Consider how much more powerful and, in most cases, preferable positive reinforcement and ignoring are to punishment, even though in the heat of the moment this may go against your instincts or intuition. It may help to think about how much more likely you are to work hard when your supervisor at work recognizes and praises your efforts, and how poorly motivated and resentful you may feel if she frequently criticizes you. In the same way, your child is more likely to respond positively to your actions if you react positively to her, while a negative comment or response on your part is likely to lead to more negative behavior.
Giving Clear Commands
The first step in helping your child learn to follow rules, obey your commands, and otherwise manage her own behavior is to make sure that the commands you give her are clear. Adults are often accustomed to couching their commands in a variety of “softening” or ambiguous gestures and phrases. Many of us also tend to react too strongly or impulsively to behavior we consider unacceptable.
Establish good eye contact. You must fully engage your child’s attention by making good eye contact if she is going to hear and follow what you say. At first, you may find it helpful to touch a younger child’s arm or hold her hand before addressing her.
Clearly state the command. You can make commands clear to your child by first stating what behavior therapists call a terminating command—a simple, non-emotional statement of what you want your child to do (“You need to stop pushing your brother.”). If the behavior does not stop immediately, you can then follow up with a warning that includes the exact limit and the consequences (“If you push your brother one more time, you’ll be in time-out. If you stop immediately, the two of you can go on playing.”). When stating a command, keep your tone of voice firm and neutral. Refrain from yelling, or looking or sounding angry. It is especially important to monitor your body language because these nonverbal messages are so easy for parents to overlook. State the command as an instruction, not as a question (Not, “Would you please stop teasing your brother?” or “Stop teasing him, OK?” but “You need to stop teasing your brother.”).

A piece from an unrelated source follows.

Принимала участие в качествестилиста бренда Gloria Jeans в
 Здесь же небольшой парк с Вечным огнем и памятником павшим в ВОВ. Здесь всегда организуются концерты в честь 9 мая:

If you are not sure your child heard the terminating command or warning, ask her to repeat it back to you. Then pay attention to whether she carries out your instructions and respond immediately to her behavior. If she responds as you have asked, respond positively with praise, thanks, a thumbs-up, a high five, or other acknowledgment that she has done well. If her response is not exactly what you had hoped for but is in the right direction, offer her immediate praise for the part of your command that she did carry out. If your child does not start to respond according to the limits you have set (“one more time” or “within the next two minutes”) invoke the consequences that you have already set, calmly narrating what is happening as you do so (“You did not stop pushing your brother, so you’ll have the five-minute time-out that we just talked about.”) Keep in mind that because you have given a warning and a terminating command and spelled out the consequences for complying or disobeying, if she does not follow your instructions you have not “put her in” the time-out—she has “chosen” the time-out for herself as an alternative to following your command. This is a key point. If you give your child a command, she doesn’t comply, and you immediately “put her” in time-out, you have skipped the step of her choosing whether to receive the positive or negative consequence. You have lost an opportunity to teach her self-control.

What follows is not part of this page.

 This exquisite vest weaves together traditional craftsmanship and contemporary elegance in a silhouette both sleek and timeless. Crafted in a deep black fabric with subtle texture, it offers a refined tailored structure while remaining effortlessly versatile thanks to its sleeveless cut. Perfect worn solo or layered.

If you make a point of following through on the positive or negative consequences of each command, every time, you should soon find that you will not have to repeat your instructions over and over as you probably did before. Your ultimate goal will be to give a command only once for it to be obeyed. Parents often complain, “I have to say it eight times before she does it.” Children are thinking, “The first seven times are free! Then she gets angry and I finally have to do it.” Keep in mind that if you are going to try to follow up on each command you give, you will need to consider beforehand how important the command you are about to give is. Limiting the number of commands you give will make it easier for you to follow up on each and every one, thus increasing your chances of success.

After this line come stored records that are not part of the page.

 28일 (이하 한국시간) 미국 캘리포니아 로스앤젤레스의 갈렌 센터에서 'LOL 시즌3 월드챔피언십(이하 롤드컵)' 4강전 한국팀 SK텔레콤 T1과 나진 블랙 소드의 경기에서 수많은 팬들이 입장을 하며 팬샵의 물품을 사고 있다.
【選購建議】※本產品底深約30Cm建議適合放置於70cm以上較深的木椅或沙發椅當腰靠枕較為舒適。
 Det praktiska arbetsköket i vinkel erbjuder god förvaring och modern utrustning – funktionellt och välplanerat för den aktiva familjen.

Researchers at England’s University of Cambridge, School of Clinical Medicine, launched a study to build on other research into how the physical activity of mothers and their kids are connected.
Parents seem to affect their kids’ physical activities in three ways — by acting as role models, by helping kids be active (by taking them to the park, for instance), and by being active with them. “All three aspects are thought to be important,” Esther van Sluijs, group leader, said, “but it has generally been unclear how directly mother and child’s physical activity are related.”
In the study, the researchers used devices called accelerometers to track 554 children, all 4 years old, and their mothers for as many as seven days. “The more activity a mother did, the more active her child,” van Sluijs noted.
Specifically, for every single minute of moderate-to-vigorous activity that the mother did, her child was more likely to do 10 percent more of a similar level of activity. Those extra minutes add up over time, according to researchers.
“If activity in mothers and children can be encouraged or incorporated into daily activities so that more time is spent moving, activity levels are likely to increase in both,” van Sluijs said. “In return, this is likely to have long-term health benefits for both.”
Another expert focused on the issue of fathers and what role they might play.
“This is a big question not addressed here,” said Leann Birch, a professor at the University of Georgia’s department of foods and nutrition who studies children and obesity. But, she said, research on parenting suggests that fathers tend to engage in more rough-and-tumble and high-action play with kids than mothers.
Also, she said, “some of our own work showed that reported activity by dads was more important than by moms in predicting the activity of daughters, especially in organized sports during later childhood.”
Adapted from an article in Medline Plus.
Going out of the house with multiples? Considering doing this? Read how Amber manages to get out of the house with her quadruplets.
When all four of our babies were finally discharged from the NICU, I wondered when and if we would ever take them all out anywhere. They were so fragile that fears of returning to the NICU were painfully apparent, and hard to shake. As the babies grew and thrived, we began itching to take them places. Part of the fun of having a new baby is taking them out to explore the world, right? Aside from adventures, there’s always the reality of what must be accomplished outside the home, say grocery shopping and doctor’s appointments to name a few. Continue reading Getting Out With Toddler Multiples
Because it’s National Infant Immunization Week, we thought we’d share some tips from one of our members, the mother of 4 boys, including triplets.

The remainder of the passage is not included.